Brunei will be hosting the first Brunei HOB expedition in Sungai Ingei, Ulu Belait in 2009/2010. Dr Charles is the overall leader of the expedition, and has appointed me as the logistic manager. When he first approached me for the job, my reaction was what the heck does a logistic manager do?? what is logistic??? WHAT???? For the next few days, i was expressing doubts whether i could really handle the job or not. I don't want to mess up the expedition and apparently this job plays a vital role in its success..

One afternoon Dr C asked me to go down with him to FOS ground floor and meet someone important. There is the boss of Brunei HOB, and Dr C mentioned about me being the logistic manager, and my reluctance in accepting the job. The boss being a boss just say one sentence: "Oh don't worry she has the passion, she will do it!!" My feeling was like what has passion got to do with this??? but what else can i say?? hence you are now reading the entry of the logistic manager for the expedition..

Sunday, 2 November 2008

A day in the life of a PhD student in UBD

My day in UBD usually starts around 0930..and the day will start with this person coming into my office looking happy and cheerful.. When i see this person's face i know ah more work...

So my dear supervisor will come into the room and start asking me things like: 'what's the budget like for the cat surveys?' 'How many cameras are we getting?' ' have you seen metis they all?' 'I am going to kill all the project students....' and blah blah blah the questions go on and on and on...

See my face?? so CB face right?? and see all the papers, files and books around me, on my table and my cabinets?? very busy one bah.. not like someone i know only goyang kaki all the time... he he he (who ah??) See Dr Charles face?? very serious discussion in session.. but hey who's foot was that??

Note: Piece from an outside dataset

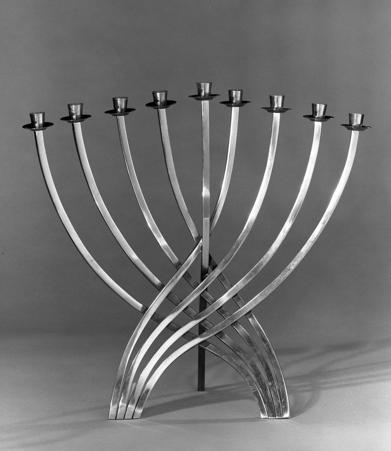 Ludwig Wolpert. Hanukah Menorah, Candle Holder, ca. 1962. Brass, 11 x 11 3/8 in. (27.9 x 28.9 cm). Brooklyn Museum, Gift of Dr. Abram Kanof, 65.198. (Photo: Brooklyn Museum)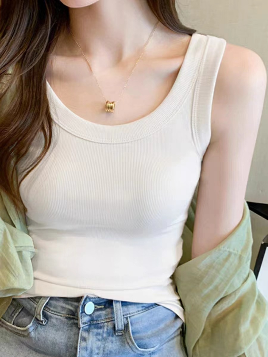여름 넓은 어깨 끈 나사면을 덮는 Daifa 여성용 조끼 새로운면 가슴 여성 의복 조끼 내복 노출 방지스토어 가기

More often than none, i have other visitors too apart from the man who loves to give me extra job.. My room is officially a complaint room, makan room, lepak room and most importantly gossip room... here cath is strutting her stuff but Dr C has no eyes to see her lo.. May be he thinks the cat budget is more interesting than Cath??? Ouch!!!

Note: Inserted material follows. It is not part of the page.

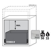 Stockage sécurisé, conforme à la réglementation en vigueur des produits dangereux, inflammables dans les zones de travail Fonction / construction: Robuste et durable: structure extérieure en acier revêtu époxy Confort de travail: blocage des portes dans toutes les positions, accès sûr à tous les récipients – angle d'ouverture des portes 93°, intérieur de l'armoire visible dans son intégralité Utilisation controlée: portes verrouillables avec serrure, indicateur de verrouillage des portes (rouge/vert) Mobile: socle avec roulettes en option, pour un déplacement facile de l'armoire Aération et ventilation: système d'aération et de ventilation intégré pour le raccordement (diamètre 50 mm) à un dispositif technique d'évacuation d'air Charge maxi (kg) : 600 kg

And sometimes a poor begger will come and sit next to my feet, looking forlorn and miserable. This bugger will usually say: 'BB i am hungry.' 'BB i need to zee Dr C.' 'BB can i use your printer??" So miserably sad huh??
In this picture, the begger pretends to be reading Belalong book but we know he's waiting for someone to bring him food... poor begger..

In a good days, the supervisor, the foot man and the begger will be engaged in interesting scientific discussions.. but usually end up with someone manjaing.. here the begger wanted to go toilet so he's practising..

Sometimes the clever man Andery will come into my room too but pity there's no pics of him.. he's all serious and focus not like the other people you saw in this post..

I am sure i'm pretty unpopular in this office block due to the noise these people make in my room.. imagine the correlation curve between the number of people in my room and the noise level????